### WORK REQUIRED
Restate word for word the entries below, starting at the line with "Today we woke" and ending at the line with "2月份,综合PMI产出指数为". Keep both end lines and omit the pictures.

### DATA LISTING

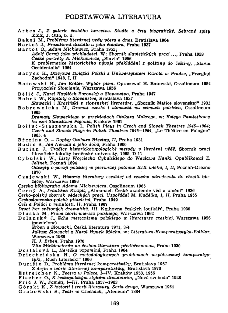 PODSTAWOWA LITERATURA A r b e s J . , Z galerie českého herectva. Studie a črty biografické. Sebrané spisy XXX, J . Otto, b. d. B a k o $ M . , Problémy literárně] vedy včera a dnes, B r a t i s l a v a 1064 B a r t o š J . , Prozatímní divadlo a jeho činohra, P r a h a 1937 B a r t o š O., Adam Mickiewicz, P r a h a 1955; Adolf Černý jako překladatel. W : Sborník slavistických práci..., P r a h a 1958 České portréty A. Mickiewicze, „Slávia" 1956 K problematice historického vývoje překládání z polštiny do češtiny, „Slávia Occidentalis" 1964 B a r y c z H . , Dziejowe związki Polski z Uniwersytetem Karola w Pradze, „Przegląd Zachodni" 1948, I, II B a t o w s k i H . , Jan Kollár. Wybór pism. Opracował H . Batowski, Ossolineum 1954 Przyjaciele Słowianie, Warszawa 1956 B ě l i č J., Karel Havlíček Borovský .a Slovanstvo, P r a h a 1947 B o b e k W., Kapitoly o Slovanstve, B r a t i s l a v a 1937 Słowacki i Krasiński v slovenskej literatuře, „Sborník Matice slovenskej" 1931 B o b r o w n i c k a M . , Dramat czeski i słowacki na scenach polskich, Ossolineum 1965 Dramaty Słowackiego w przekładach Otokara Mokrego, w : Księga Pamiątkowa ku czci Stanisława Pigonia, Kraków 1961 B o ł t u ć - S t a s z e w s k a I., Polish Plays in Czech and Slovák Theatres 1945—1964; Czech and Slovák Plays in Polish Theatres 1945—1964, „Le Théátre en Pologne" 1965, 4 B ř e z i n a O. — Dopisy Otokara Březiny, II, P r a h a 1931 B u d í n S., Jan Neruda a jeho doba, P r a h a 1960 B u r i a n J., Tradice historickotypologické metody v literární vědě, Sborník prací filosofické fakulty brněnské university, 1965, D 11 C y b u l s k i W., L i s t y Wojciecha Cybulskiego do Wacława Hanki. Opublikował E. Jelínek, Poznań 1894 Odczyty o poezji polskiej w pierwszej połowie XIX wieku, I, II, Poznań-Drezno 1870 C z a j e w s k i W., Historia literatury czeskiej od czasów odrodzenia do c h w i l i bie żącej, Warszawa 1886 Czeska bibliografia Adama Mickiewicza, Ossolineum 1965 Č e r n ý A . , František Kvapil, „Almanach České akademie věd a umění" 1926 česko-polský sborník vědeckých prací. Uspořádal M. Kudělka, I, II, P r a h a 1955 Československo-polské přátelství, Praha 1949 Ceši a Poláci v minulosti, II, P r a h a 1967 Deset her světových dramatiků. III. K n i h o v n a českých loutkářů, P r a h a 1930 D l u s k a M . , Próba teorii wiersza polskiego, Warszawa 1962 D o l a n s k ý J., Echa mesjanizmu polskiego w literaturze czeskiej, Warszawa 1956 (powielone) Erben o Słowacki, Česká literatura 1971, 3/4 Juliusz Słowacki a Karol Hynek Mácha, w : Literatura-Komparatystyka-Folklor, Warszawa 1968 K. J. Erben, P r a h a 1970 Vliv Mickiewiczův na českou literaturu předbřeznovou, P r a h a 1930 D o s t á l o v á L . , Herečka vzpomíná, P r a h a 1964 D z i e c h c i ń s k a H . , O metodologicznych problemach współczesnej komparatystyki, „Ruch L i t e r a c k i " 1966 Ď u r i š i n D., Problémy literárnej komparatistiky, B r a t i s l a v a 1967 Z dějin a teorie literárnej komparatistiky, B r a t i s l a v a 1970 E s t r e i c h e r K . , Teatra w Polsce, I-IV, Kraków 1953, 1956 F i s c h e r O., K českopolským stykům divadelním, „Nová svoboda" 1928 F r i c J . W., Paměti, l-IIl, P r a h a 1957-1963 G ó r s k i K . , Z historii i teorii literatury. Seria druga, Warszawa 1964 G r a b o w s k i B., Teatr w Czechach, „Ateneum" 1884 169 G r a b o w s k i T. S t , Dorobek literacko-naukowy Mariana Szyjkowskiego. W : Fran ku Wollmanovi k sedmdesátinám., P r a h a 1958 Romantyzm polski wśród Słowian. Wpływy i pokrewieństwa, Lwów, 1910 Słowacki w piśmiennictwach słowiańskich, „Pamiętnik L i t e r a c k i " 1909 Zygmunt Krasiński w piśmiennictwach słowiańskich, Kraków 1914 G u y a r d M . F., La liltěrature comparée, P a r i s 1958 H a h n W., Bibliografia w Dziełach wszystkich Juliusza Słowackiego Rok Słowackiego, Lwów 1911 Juliusz Słowacki w poezji polskiej (Antologia poetycka). Ułożył Wiktor Hahn, Wrocław 1955 H a n u s I., Stosunki polsko-czeskie na przestrzeni wieków, Poznań 1936 H e y d u k A . , Vzpomínky literární. Spisy LII, P r a h a 1911 H i 1 a r K . H . , Boje proti včerejšku, P r a h a 1925 H o f m a n L . K . , Sebrané spisy, I, II, P r a h a 1904, 1905 H o r a F . A . , Bronislav T. Grabowski. Obrázek jeho života a literární činnosti, Plzeň 1901 H o r á k J . , Pan Tadeusz w literaturách slovanských. W : Slovanský ústav A. Mickiewiczovi, Praha 1934 T. G . Masaryk a slovanské literatury, P r a h a 1931 Z dějin literatur slovanských. Stati a rozpravy. Redigovali a předmluvu na psali J. Dolanský a J. Thon, P r a h a 1948 H o v o r k a F. L . , Manželé spisovatelé. Nástin literární činnosti Bronislava a Marie Grabowských, „Světozor" 1880 H o r á l e k K . , Kapitoly z teorie překládání, P r a h a 1957 Počátky novočeského verse, P r a h a 1956 Studie o slovanském verši, „Sborník filologický" 1956 Zarys dziejów czeskiego wiersza, Ossolineum 1957 H r a b á k J . , K a p i t o l k y ze srovnávací metriky česko-polské, Ročenka pedagogické fakulty M U v Brně, 1947 Staropolský verš ve srovnání se staročeským, P r a h a 1937 Studie o českém verši, P r a h a 1959 Úvod do teorie verše, 3 wyd., P r a h a 1964 (Liczne studia, przeglądy, sprawozdania i recenzje z zakresu badań teoretycznoliterackich i wersologicznych) C h o j e c k i E., Czechia i Czechowie przy końcu pierwszej polowy XlXgo stulecia, I, II, B e r l i n 1847 H ý s e k M . , Antal Stašek, P r a h a 1933 Literární Morava v letech 1849—1885, P r a h a 1911 J a k ó b i e c M . , Świat słowiański Juliusza Słowackiego, Warszawa 1959 (powielone) U źródeł romantycznej ludowości niektórych literatur słowiańskich, „Pamiętnik Słowiański" 1963 J a k u b e c J . , Déjiny literatury české, 
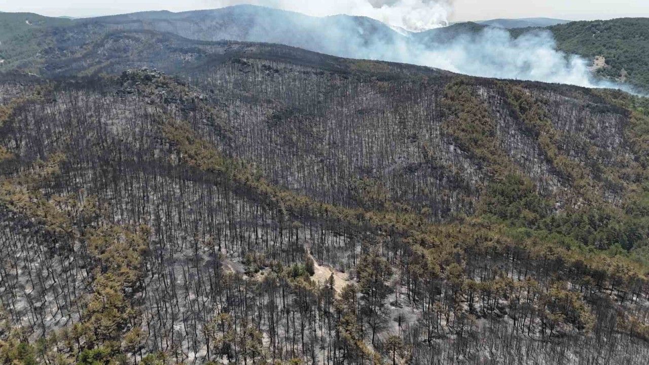 Fethiye ve Büyük Yayla mahallelerindeki ormanlık alanda dün sabah saat 08.30 civarında başlayan yangının kontrol altına alındığı açıklandı. Yangının 2 gün sürdüğü ormanlık alan küle dönerken, bölge dron ile görüntülendi. Çekilen görüntüler, yangının etkisini bir kez daha gözler önüne serdi. Alanda soğutma çalışmalarının devam ettiği öğrenilirken, zaman zaman rüzgarın etkisiyle küçük alanlardan yeniden alevlerin yükseldiği belirtildi.
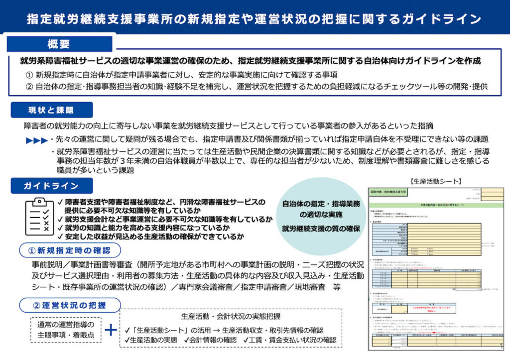 「障害者の就労能力の向上に寄与しない事業を“就労継続支援サービス”として行っている事業者の参入があるといった指摘がある中で、事業所の新規指定や運営状況の把握・指導の際に自治体が着目すべき観点を分かりやすく整理した」
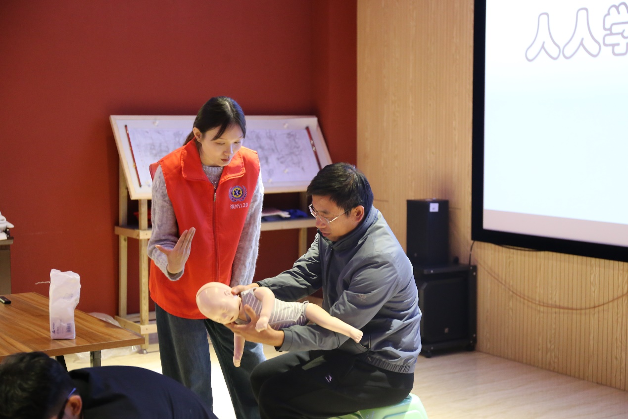 bat365中文官方网站的全体党员同志在黄河社区刘清远主任的陪同下,依次参观了黄河社区的健康小屋、红色影院、活动厅等功能区,进一步了解了黄河社区服务站的基本情况及各项党建工作的开展情况,双方还就“双报到”“微心愿”的工作细则进行了互动交流; 随后,一行人来到党员活动室,共同参与黄河社区紧急医疗救援指挥中心工作人员开展的应急救护知识与技能培训系列活动,通过实例讲解、示范操作、现场演练等形式,围绕常见伤害的急救处理、心肺复苏、海姆立克急救法、互救知识等进行知识技能培训,现场为大家演示了具体操作步骤,全体党员不但聚精会神倾听了医护人员的讲解,而且积极参与实操练习,专业人员一一给予指导,及时纠正急救误区。
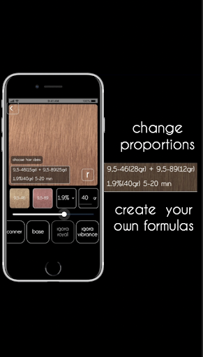 Choose shades from the palette, change the oxidizers, the amount of product, and the program will show how the result will look. S.H.E. Colorist will not allow you to do the wrong things, for example, use the wrong oxidizers, apply the wrong shades to super light blonde (bases).
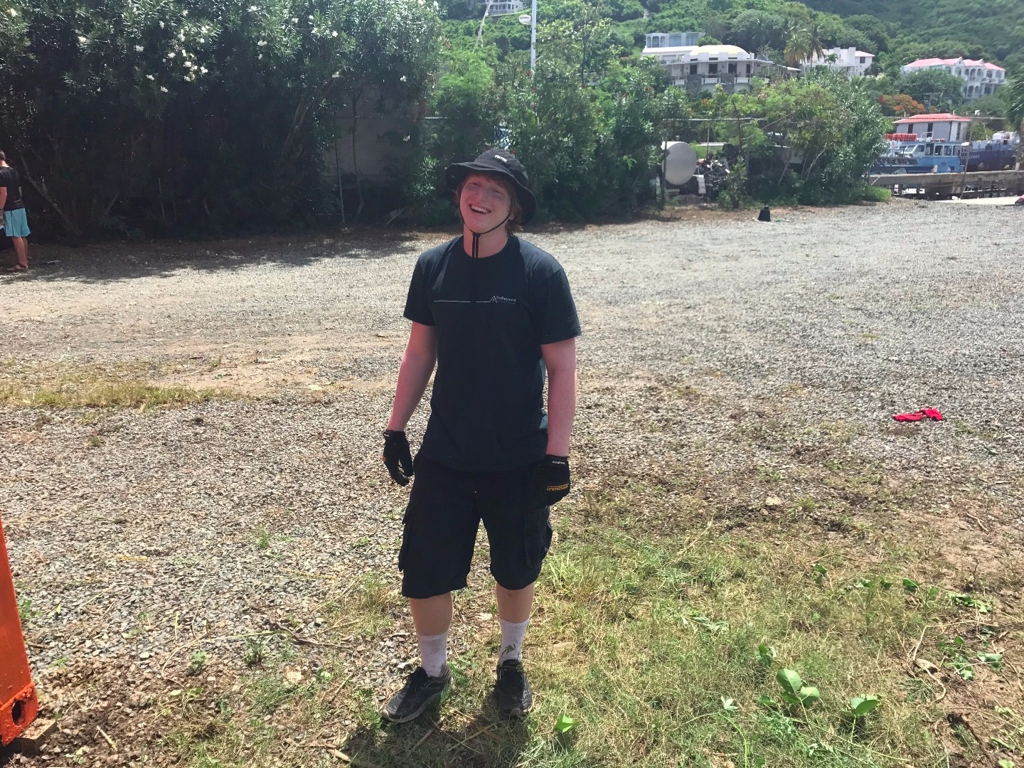 Today we woke up bright and early to the smell of blueberry muffins and oatmeal. Once done eating, we were on our way to Road Town, once again. In a rush, we threw on work clothes, grabbed water bottles and sneakers to help out at Visar, Virgin Islands search and rescue. As a joke, Elliot tried to convince us that a small, run-down shack was the base and many people believed it. Luckily, we kept driving and got to the real base, a big garage with many offices and jobs for us to do. Since the organization is entirely funded by donations and volunteer-based, every hand was needed. Everyone split into groups of weeding, washing uniforms and counting inventory of medical supply. The rain showers in the middle of the day didn’t stop any of us from working. After lunch, the rest of the day was a blur, and some of us switched over to measuring and counting mangroves. Then after the dirty day of labor, we got to use real showers on the dock and pizza for dinner! At the end of the day, the hard work paid off. 🙂
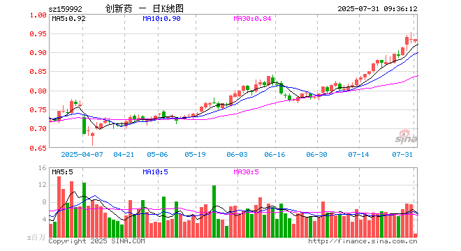 7月31日,创新药ETF(159992)开盘跌0.54%,报0.928元。创新药ETF(159992)重仓股方面,药明康德开盘跌2.88%,恒瑞医药跌0.30%,科伦药业跌0.50%,华东医药涨0.00%,长春高新跌0.17%,复星医药跌1.23%,泰格医药涨0.15%,信立泰涨0.02%,百济神州跌0.21%,通化金马涨0.39%。
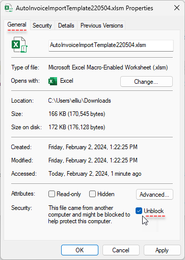 Right-click the AutoInvoiceImportTemplate.xlsm file and choose Properties.
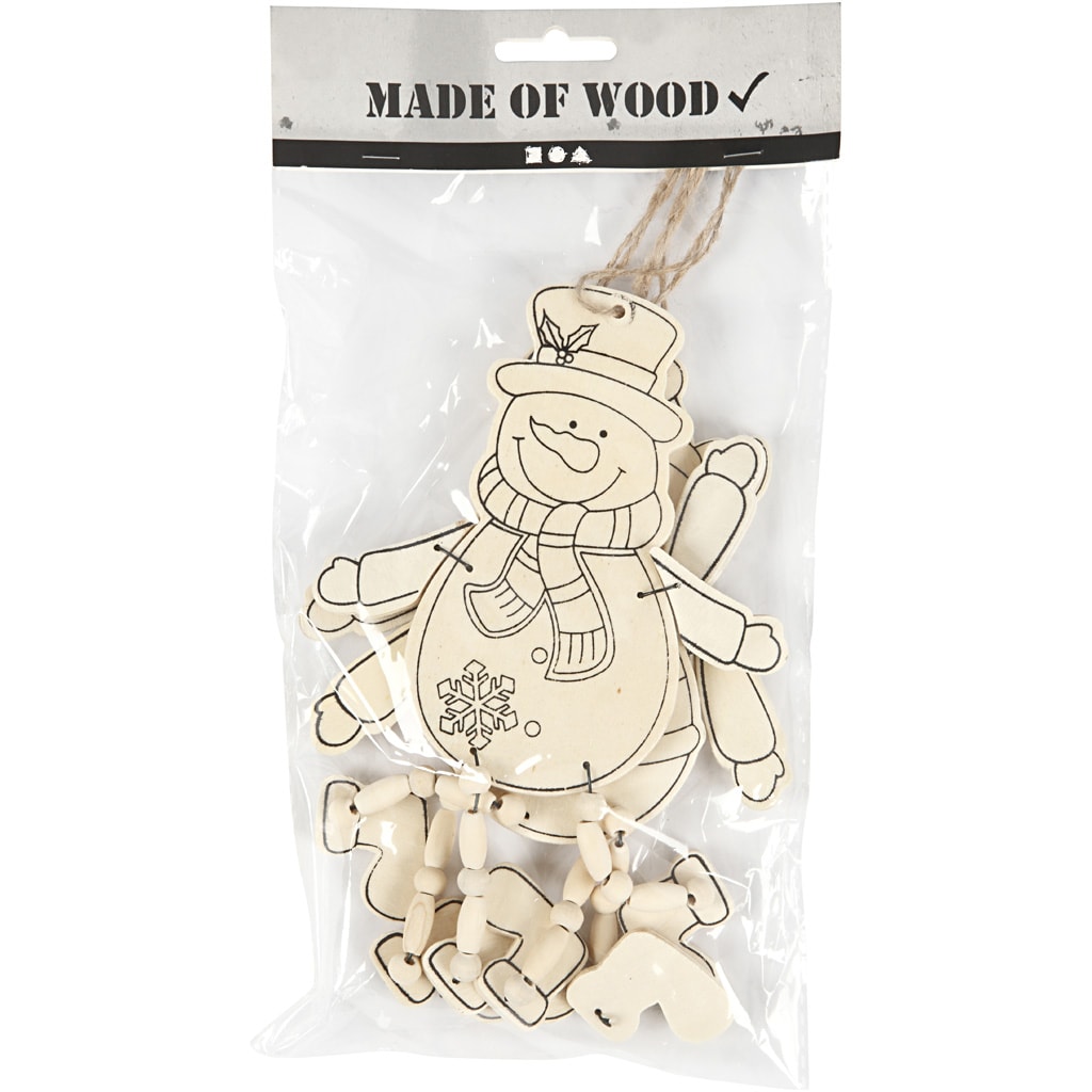 Ornamente zum Aufhängen – aus hellem Holz – mit Weihnachtsmotiv auf der Vorderseite und Beinen aus Holzperlen
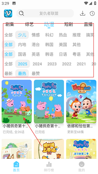 2、在动漫分类页面,可通过筛选条件找到想看的动漫,点击动漫封面,进入动漫播放页面。
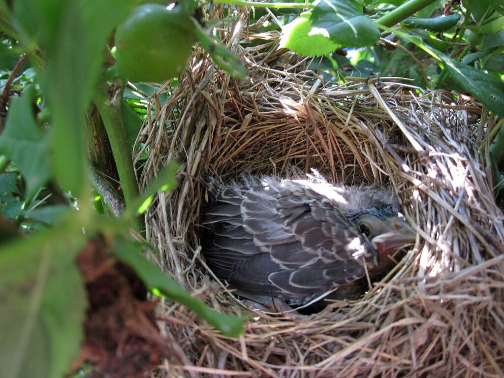 When a nest turns up during garden work, the best response is to stop working in that patch. Reaching in, parting the branches, or trimming back the cover can leave the nest exposed. The birds depend on that leafy shelter for safety. Leaving the area alone for a while gives them a much better chance.
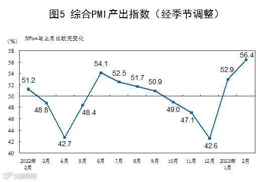 2月份,综合PMI产出指数为56.4%,比上月上升3.5个百分点,高于临界点,表明我国企业生产经营景气水平继续回升。
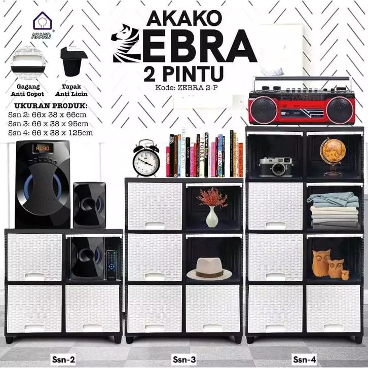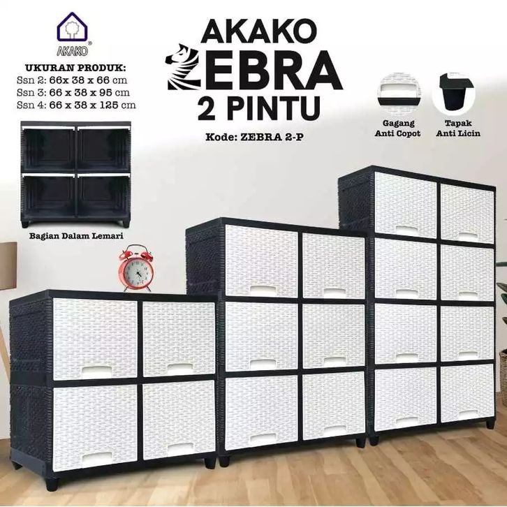 LEMARI PAKAIAN PLASTIK AKAKO ZEBRA 5 4 3 2 SUSUN LACI PINTU SLIDING GESER JUMBO MINI LOKER BAJU SEPATU PIRING HELM MURAH
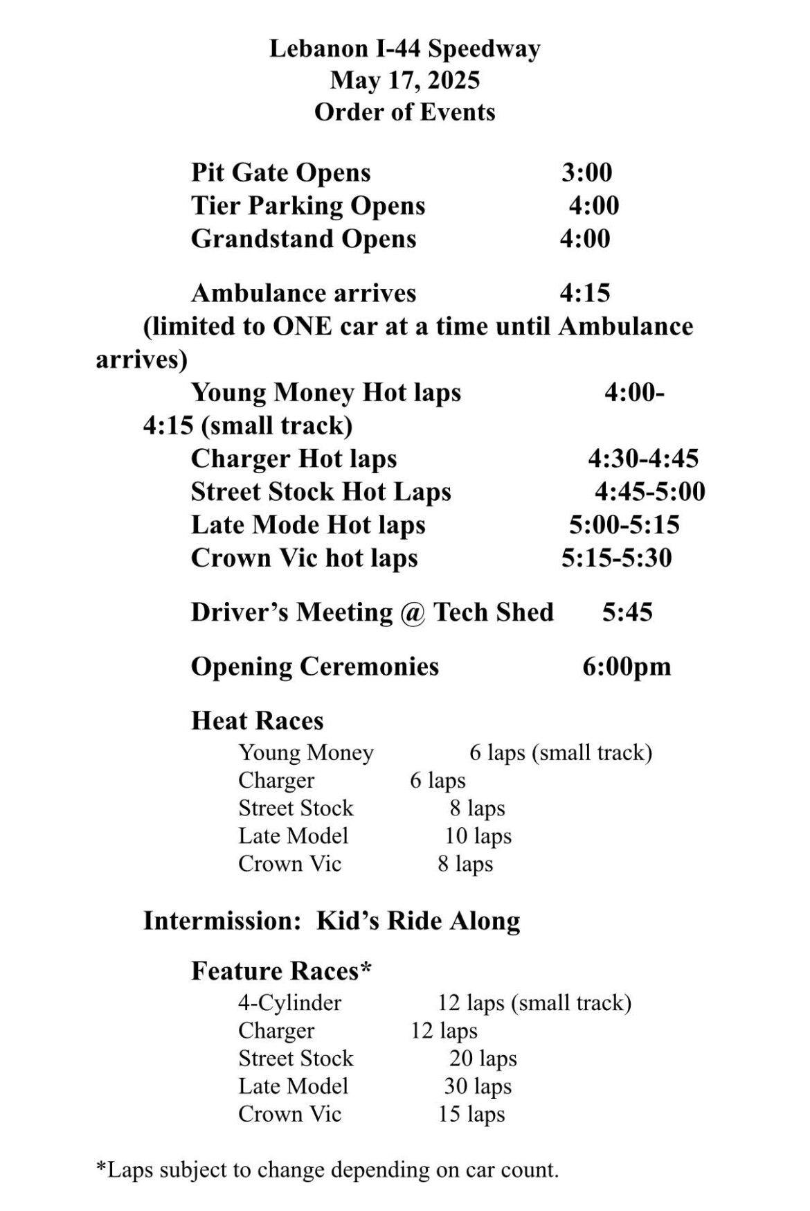 Time: Pit Gates Open at 4pm, Grandstands 5pm, Drivers Meeting 6:42pm Qualifying & Hot Laps 7:02pm

### RESPONSE FOR THIS EXERCISE
 Today we woke up bright and early to the smell of blueberry muffins and oatmeal. Once done eating, we were on our way to Road Town, once again. In a rush, we threw on work clothes, grabbed water bottles and sneakers to help out at Visar, Virgin Islands search and rescue. As a joke, Elliot tried to convince us that a small, run-down shack was the base and many people believed it. Luckily, we kept driving and got to the real base, a big garage with many offices and jobs for us to do. Since the organization is entirely funded by donations and volunteer-based, every hand was needed. Everyone split into groups of weeding, washing uniforms and counting inventory of medical supply. The rain showers in the middle of the day didn’t stop any of us from working. After lunch, the rest of the day was a blur, and some of us switched over to measuring and counting mangroves. Then after the dirty day of labor, we got to use real showers on the dock and pizza for dinner! At the end of the day, the hard work paid off. 🙂
 7月31日,创新药ETF(159992)开盘跌0.54%,报0.928元。创新药ETF(159992)重仓股方面,药明康德开盘跌2.88%,恒瑞医药跌0.30%,科伦药业跌0.50%,华东医药涨0.00%,长春高新跌0.17%,复星医药跌1.23%,泰格医药涨0.15%,信立泰涨0.02%,百济神州跌0.21%,通化金马涨0.39%。
 Right-click the AutoInvoiceImportTemplate.xlsm file and choose Properties.
 Ornamente zum Aufhängen – aus hellem Holz – mit Weihnachtsmotiv auf der Vorderseite und Beinen aus Holzperlen
 2、在动漫分类页面,可通过筛选条件找到想看的动漫,点击动漫封面,进入动漫播放页面。
 When a nest turns up during garden work, the best response is to stop working in that patch. Reaching in, parting the branches, or trimming back the cover can leave the nest exposed. The birds depend on that leafy shelter for safety. Leaving the area alone for a while gives them a much better chance.
 2月份,综合PMI产出指数为56.4%,比上月上升3.5个百分点,高于临界点,表明我国企业生产经营景气水平继续回升。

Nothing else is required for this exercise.